ARTICLE 7. LEGAL REMEDIES
7.1Payment of Legal Fees. To the extent permitted by law, the
Company shall pay all legal fees, costs, including costs of
litigation, prejudgment interest, and other expenses,
incurred in good faith by the Executive as a result of the
Company's wrongful refusal to provide the Severance Benefits
to which the Executive becomes entitled under this Agreement,
or as a result of the Company's unsuccessfully contesting the
validity, enforceability, or interpretation of this
Agreement, or as a result of any conflict between the parties
pertaining to this Agreement in which the Executive is the
prevailing party, or which is settled prior to the entry of a
final judgment from which no appeal can be taken.
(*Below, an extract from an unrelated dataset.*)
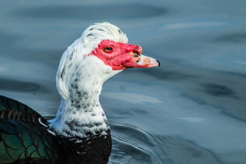 据1763年编纂的《泉州府志》载:“番鸭状似鸭而大似鹅,自抱其蛋而生,种自洋舶来”。引入后,在当地人民长期驯化和精心培育下,形成了遗传性能稳定、适应当地自然条件的中国番鸭。中国番鸭体躯长而宽,前后窄小,呈纺锤形,体躯与地面呈水平状态。头中等大小,喙较短而窄,呈“雁形喙”。喙基部和眼周围有红色或黑色皮瘤,上喙基部有一小块突起的肉瘤,雄性较雌性发达。头顶有一排纵向长羽,受刺激时会竖起。胸部宽而平,后腹不发达,尾狭长,翅膀长达尾部,腿短而粗状。羽毛分黑、白、黑白花,少数呈银灰色和赤褐色。
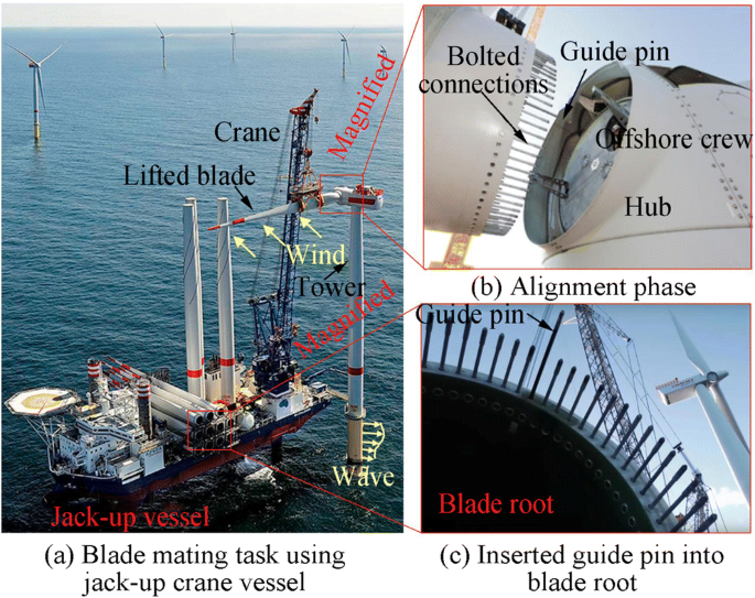 图1.单叶片安装过程 (a)叶片和轮毂对接,(b)高精度对接作业,(c)叶片定位销

7.2Arbitration. The Executive shall have the right and option
to elect (in lieu of litigation) to have any dispute or
controversy arising under or in connection with this
Agreement settled by final and binding arbitration, conducted
before a panel of three (3) arbitrators sitting in a location
selected by the Executive within fifty (50) miles from the
location of his or her job with the Company, in accordance
with the rules of the American Arbitration Association then
in effect. Judgment may be entered on the award of the
arbitrator in any court having proper jurisdiction. All
expenses of any such arbitration in which the Executive is
the prevailing party, as determined by the arbitrators,
including the fees and expenses of the counsel for the
Executive, shall be borne by the Company.
ARTICLE 8. SUCCESSORS
8.1Assumption of Company's Obligations. The Company will
require any successor (whether direct or indirect, by
purchase, merger, consolidation, or otherwise) to all or
substantially all of the business and/or assets of the
Company to expressly assume and agree to perform the
Company's obligations under this Agreement in the same manner
and to the same extent that the Company would be required to
perform them if no such succession had taken place. Failure
of the Company to obtain such assumption and agreement prior
to the effective date of any such succession shall entitle
the Executive to compensation from the Company in the same
amount and on the same terms as he or she would be entitled
to hereunder if he or she had terminated his or her
employment with the Company voluntarily for Good Reason. The
date on which any such succession becomes effective shall be
deemed the Effective Date of Termination.
8.2Payment to Beneficiary. This Agreement shall inure to the
benefit of and be enforceable by the Executive's personal or
legal representatives, executors, administrators, successors,
heirs, distributees, devisees, and legatees. If the
Executive should die while any amount would still be payable
to him or her hereunder had he or she continued to live, all
such amounts, unless otherwise provided herein, shall be paid
in accordance with the terms of this Agreement, to the
Executive's Beneficiary. If the Executive has not named a
Beneficiary, then such amounts shall be paid to the
Executive's devisee, legatee, or other designee, or if there
is no such designee, to the Executive's estate.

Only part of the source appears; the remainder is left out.